### [Work to be completed]
Retype the listing exactly, minus its pictures.

### [Recorded data]
-*-
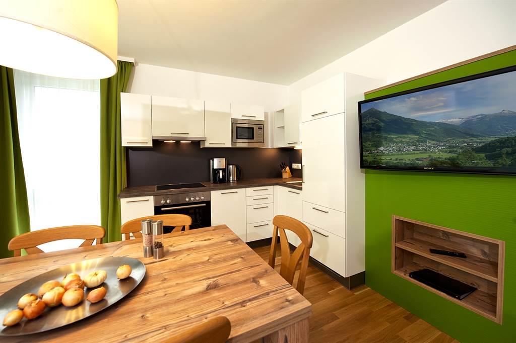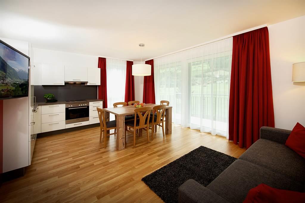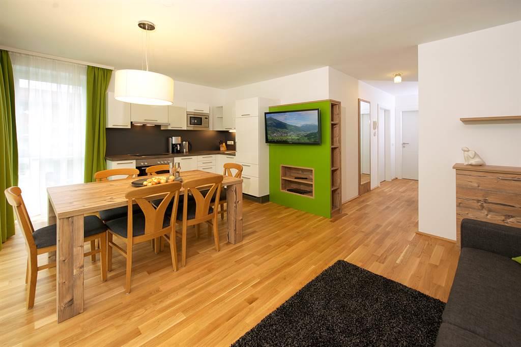 Wo alpiner Lifestyle gelebt wird – erst 2012 eröffnet, bestechen unsere fünf, rauchfreien Apartments durch ihre zeitgenössische und stilvolle Einrichtung. Hochwertige Vollholzmöbel und warme Farben verleihen den 50-69m² großen und für 2-6 Personen ausgelegten Wohnungen Charme und einen eigenen Charakter. Im ersten Stock oder im Dachgeschoss gelegen, genießen Sie hier schon beim Aufstehen einen unvergesslichen Blick auf die Gasteiner Berge. Alle unsere Wohnungen halten eine voll ausgestattete Küche bereit, sodass Sie aktive Ski- und Wandertage mit einem selbst zubereiteten Abendessen ausklingen lassen können.
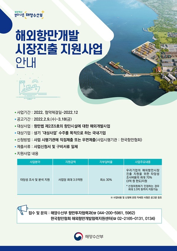 해양수산부는 9일부터 3월 18일까지 해외 항만개발 타당성 조사 비용의 최대 70%를 지원하는 ‘해외 항만개발시장 진출 지원사업’ 대상자를 모집한다고 8일 밝혔다.
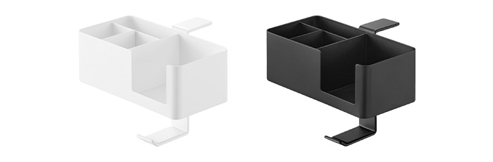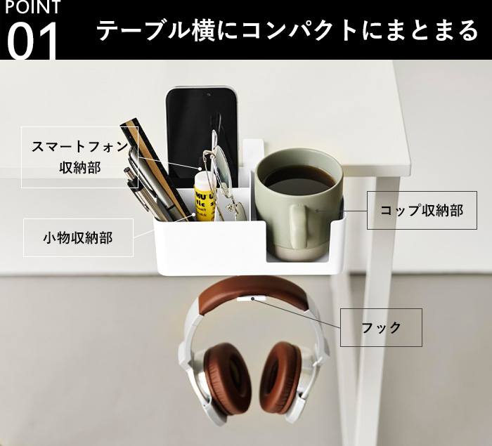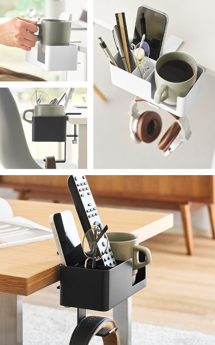 コップ置き、スマホ収納、筆記用具の整頓、ヘッドホンの引っ掛け収納まで、あらゆる小物を収納できるマルチラック。
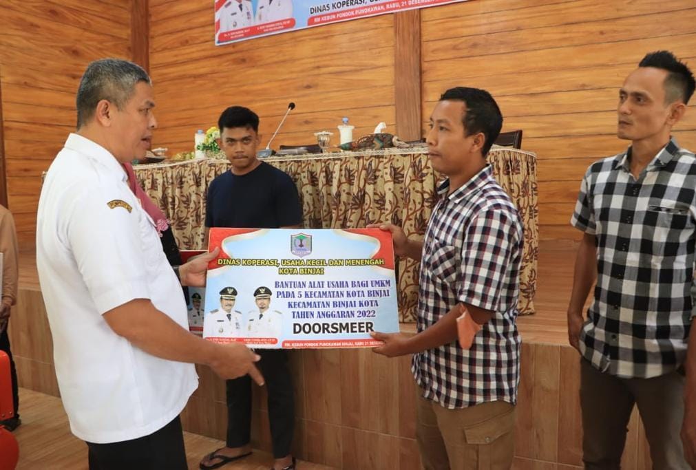 Penyerahan bantuan peralatan usaha UMKM Kota Binjai yang tersebar di 5 kecamatan terdiri dari 60 UMKM Penerima Bantuan Alat Usaha Stelling Rak Roda, 38 UMKM Penerima Bantuan Alat Usaha Stelling Display Roda, 16 UMKM Penerima Bantuan Alat Usaha Potong Bambu Roda, 29 UMKM Penerima Bantuan Alat Usaha Compressor Roda, 25 UMKM Penerima Bantuan Alat Usaha Doorsmeer, 15 UMKM Penerima Bantuan Alat Usaha Bubut Ayam, 10 UMKM Penerima Bantuan Alat Usaha Gerobak Bakso, 10 UMKM Penerima Bantuan Alat Usaha Gerobak Sate, 40 UMKM Penerima Bantuan Alat Usaha Cup Sealer, 15 UMKM Penerima Bantuan Alat Usaha Oven. (bay)
-*-
### [Answer to this exercise]
 Wo alpiner Lifestyle gelebt wird – erst 2012 eröffnet, bestechen unsere fünf, rauchfreien Apartments durch ihre zeitgenössische und stilvolle Einrichtung. Hochwertige Vollholzmöbel und warme Farben verleihen den 50-69m² großen und für 2-6 Personen ausgelegten Wohnungen Charme und einen eigenen Charakter. Im ersten Stock oder im Dachgeschoss gelegen, genießen Sie hier schon beim Aufstehen einen unvergesslichen Blick auf die Gasteiner Berge. Alle unsere Wohnungen halten eine voll ausgestattete Küche bereit, sodass Sie aktive Ski- und Wandertage mit einem selbst zubereiteten Abendessen ausklingen lassen können.
 해양수산부는 9일부터 3월 18일까지 해외 항만개발 타당성 조사 비용의 최대 70%를 지원하는 ‘해외 항만개발시장 진출 지원사업’ 대상자를 모집한다고 8일 밝혔다.
 コップ置き、スマホ収納、筆記用具の整頓、ヘッドホンの引っ掛け収納まで、あらゆる小物を収納できるマルチラック。
 Penyerahan bantuan peralatan usaha UMKM Kota Binjai yang tersebar di 5 kecamatan terdiri dari 60 UMKM Penerima Bantuan Alat Usaha Stelling Rak Roda, 38 UMKM Penerima Bantuan Alat Usaha Stelling Display Roda, 16 UMKM Penerima Bantuan Alat Usaha Potong Bambu Roda, 29 UMKM Penerima Bantuan Alat Usaha Compressor Roda, 25 UMKM Penerima Bantuan Alat Usaha Doorsmeer, 15 UMKM Penerima Bantuan Alat Usaha Bubut Ayam, 10 UMKM Penerima Bantuan Alat Usaha Gerobak Bakso, 10 UMKM Penerima Bantuan Alat Usaha Gerobak Sate, 40 UMKM Penerima Bantuan Alat Usaha Cup Sealer, 15 UMKM Penerima Bantuan Alat Usaha Oven. (bay)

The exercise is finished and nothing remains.